I am having wildly different software raid10 performance and behavior on two otherwise identical machines.
I have two machines which are hardware identical, bought at the same time, with the same software versions, hardware versions, and firmware versions. Each has a SAS controller with 8 x 6 Gb/s channels going to a SAS enclosure which holds 12 SAS disks.
On machine 1, which is stable and seems to be working perfectly, each disk in the raid array behaves more or less identically: busy time is equal (about 33% across all disks in production load levels), and while the weekly software raid check runs, write and read performance is not degraded. The full raid check completes in about a day, using all available spare bandwidth to complete it as fast as possible. This amounts to about 200 MB/sec reads while this check completes.

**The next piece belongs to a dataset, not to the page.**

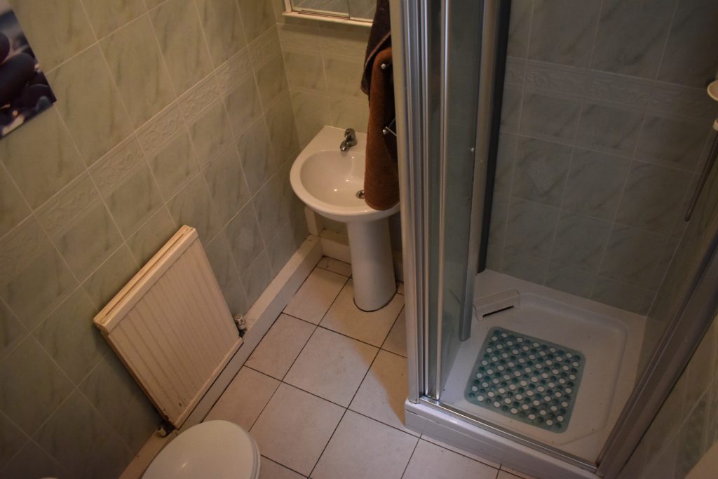 The shower room is fitted in a neutral style with a three-piece white suite comprising a glazed shower cubicle, pedestal wash hand basin and close coupled W.C. There is full wall and floor tiling, a thermostatically controlled radiator and UPVC double glazed window to the side.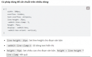 Cú pháp dùng để cắt chuỗi trên nhiều dòng: [crayon-6933ae3ecfdeb975939634/] line-height: 25px: Set line-height cho đoạn văn bản -webkit-line-clamp:3: Số dòng text hiển thị...

Machine 2 is a problem child. The full raid check completes in basically never, although it is configured to also use all available disk bandwidth. While it is attempting to check, it plods along at 5 MB/sec, and write performance drops to about 30 MB/sec during this time. Also, four disks are at 35% busy, while the remaining ones are 22% busy on average.
After cancelling the raid check on machine 2, the write speed returns to about 160 MB/sec.
If I use dd
to test each individual mpath
device, on machine 1 I get most speeds around 145 MB/sec reading per drive, and the lowest of 119 MB/sec followed by 127 MB. The rest are all in the 145 MB/sec range.
On machine 2, I get speeds between 107 MB (x 3 disks) and the rest are all above 135 MB/sec, with the peak of 191 MB/sec (!) for one disk.
I admit to being well out of my comfort zone here, but I cannot find any evidence to draw a conclusion from. I have also checked SMART stats on each disk on both machines, and while there are a fair number of "read corrected" errors on all disks, there seems to be no correlation between the values and the read performance, nor between the busy% difference.
Nothing I can find explains the poor performance when performing a RAID check of the array on one box vs on the other. Suggestions on where to go next to debug this would be appreciated.